По стопочке они выпили, но от второй Чернышов категорически отказался, заявив, что у него мелькнула вроде одна мысль, которая может пригодиться для очередной повести, и ему эту мысль надо обдумать, пока она не затерялась, не забылась, и, может быть, даже сделать в блокноте кой-какие заметки.

— Понимаю, — кивнул Сапожников и, убирая бутылку, с улыбкой добавил: — Вот ведь как… Сегодня мы с самого утра вместе, заняты одним делом. Но у тебя мелькнула вот какая-то творческая мысль, а у меня нет…

— А-а, — улыбнулся и Чернышов. — Все дело в том, что писатель, вообще художник, устроен так, что мозг его никогда не спит, все время находится в рабочем состоянии.

— Вон что, — произнес Сапожников, как показалось Чернышову, теперь сухо и холодно. — Ну, обдумывай, а я котелок вот помою да спиннинг еще покидаю.

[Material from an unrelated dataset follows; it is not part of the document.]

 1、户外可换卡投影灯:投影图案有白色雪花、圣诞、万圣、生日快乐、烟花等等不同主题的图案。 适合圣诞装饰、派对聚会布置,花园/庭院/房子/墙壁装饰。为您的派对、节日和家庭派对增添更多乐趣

Сапожников спрятал в рюкзак ломти хлеба, выплеснул на землю остатки ухи, положил в котелок ложки, отправился к реке. Чернышов тоже поднялся, быстро подошел, почти подбежал к ближайшей соломенной копне, бросился в нее, лицом вниз, полежал так какое-то время, затем медленно перевернулся на спину, стал смотреть в осеннее небо. В небе ничего не было, ни облаков, ни птиц, оно было просто пустое, неуютное. И хотя достаточно еще грело солнце, по земле растекалось тепло, Чернышов чувствовал, что небо уже холодное и что с каждым днем теперь оно будет холодеть все больше и больше.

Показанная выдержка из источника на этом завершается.